Figure 10 – Visual of the order-to-cash process in Qlik from SAP.


There was not enough material in stock to ship the entire order, so it was split into three separate shipments and paid for on three documents. Technically the DSO (Days Sales Outstanding) was 194 days, but from invoice to payment it was only 187 days. However, this is not the whole story. The customer paid within 1-2 days of invoicing. These details would not have surfaced without the use of the Qlik analytics engine.

Even in this use case, we’re only looking back at what happened. But what if we look forward and identify trends? For example, if certain parts are out of stock, we can’t ship everything at once. With Amazon SageMaker, we can predict what issues and delays we can expect.

Using the SAP accelerators, we created plug-and-play templates to ask the hard questions of SAP data, with Snowflake and AWS as the engines that power the insights with the Qlik SaaS platform.

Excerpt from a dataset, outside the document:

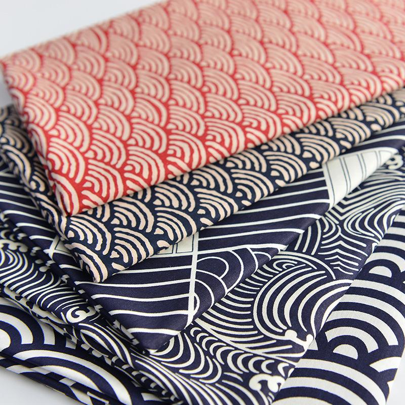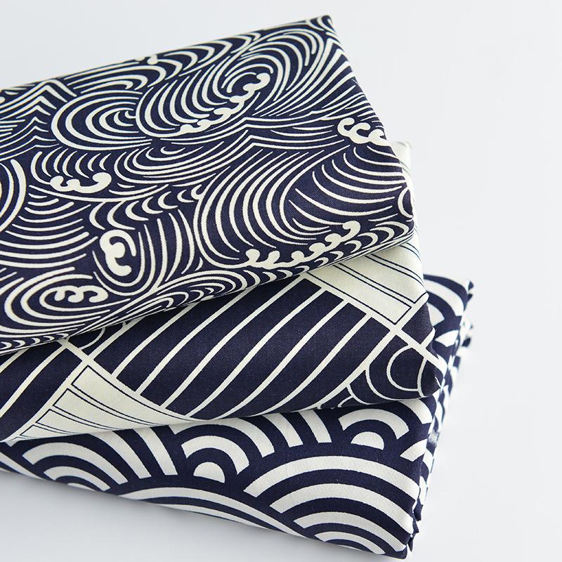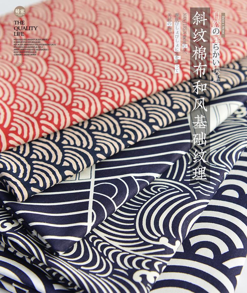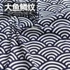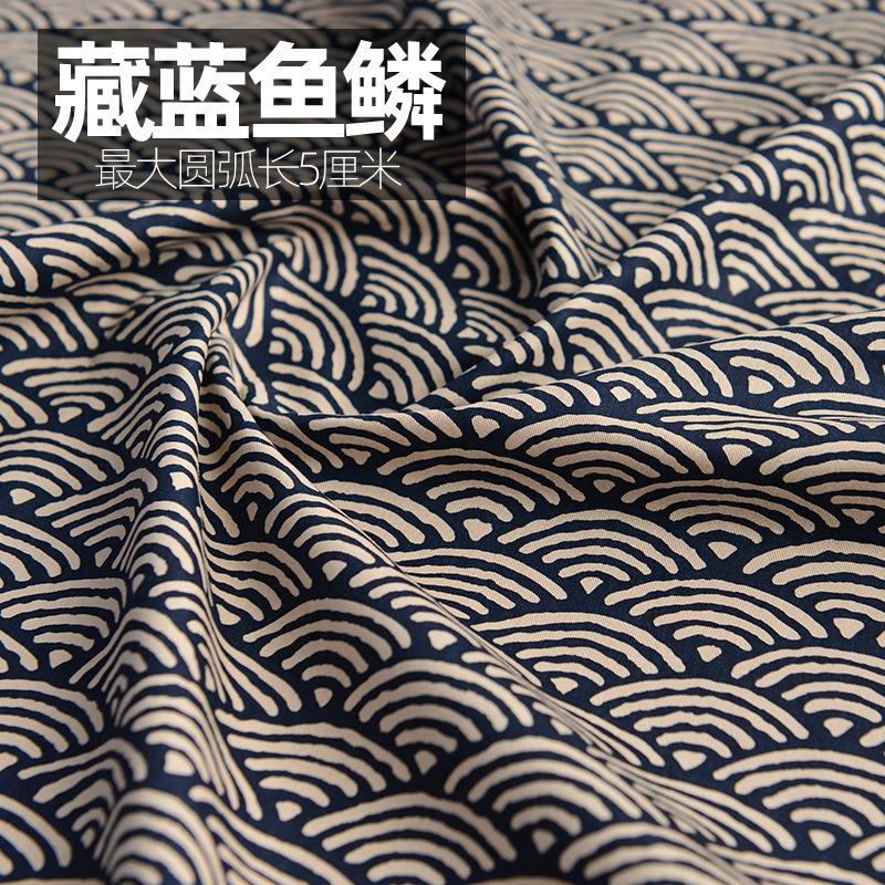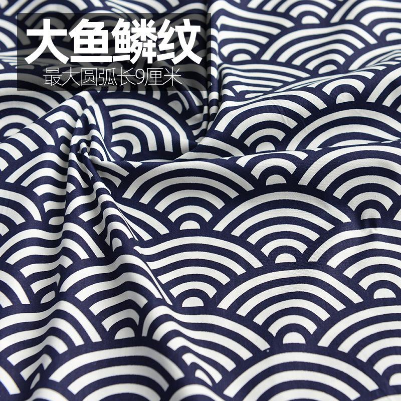 Tela de algodón puro, tela japonesa, estilo nacional antiguo, tela de algodón sarga, patrón de escamas de pescado, patrón básico de olas y viento

Predicting the Future with Amazon SageMaker

One of the more powerful components of the Qlik SaaS architecture is the ability to integrate the data in the Qlik application with the Amazon SageMaker engine. In our order-to-cash use case, we took sample data and trained a SageMaker model to predict late versus on-time orders.

A quick way to achieve this is to use the Snowpark API to perform feature engineering on the dataset, before finally bringing the data in for training and deployment to a SageMaker endpoint. Then for inference we can use Qlik to access the endpoint and present predictions directly in the dashboard.

How does this work with analytics? Within Qlik SaaS we can connect to Amazon SageMaker to pass data from the Qlik engine to an endpoint that will make the aforementioned predictions based on the SAP data.

When the data is reloaded into the Qlik analytics engine, it feeds data from relevant in-memory tables as data frames into the SageMaker endpoint where the AI/ML prediction will be calculated. The predictions are passed back to the Qlik app and cached along with the original data, and are available for the visualization layer to present.

Figure 11 – Amazon SageMaker and Qlik SaaS integration.
Figure 11 – Amazon SageMaker and Qlik SaaS integration.


We have now completed the cycle of taking historical data from SAP, processing it and transforming it into analytics-ready data using Qlik Cloud Data Integration. We have also presented this refined data using Qlik Cloud Analytics and predicted future outcomes using Amazon SageMaker – all running on the Snowflake data cloud.

Conclusion

In a typical order management cycle, information sharing between organizations has become crucial for the successful operation of modern enterprises. Improved customer satisfaction, increased competitiveness, and the reduction of supply chain bottlenecks and days of sales outstanding are key indicators of optimized cash flow for the company.

In this post, we discuss how the Qlik Cloud Data Integration SAP accelerator solution, in partnership with Snowflake and AWS, can accelerate your SAP data modernization, enable greater agility and collaboration across organizations, and quickly deliver business solutions through optimized order-to-cash business insights.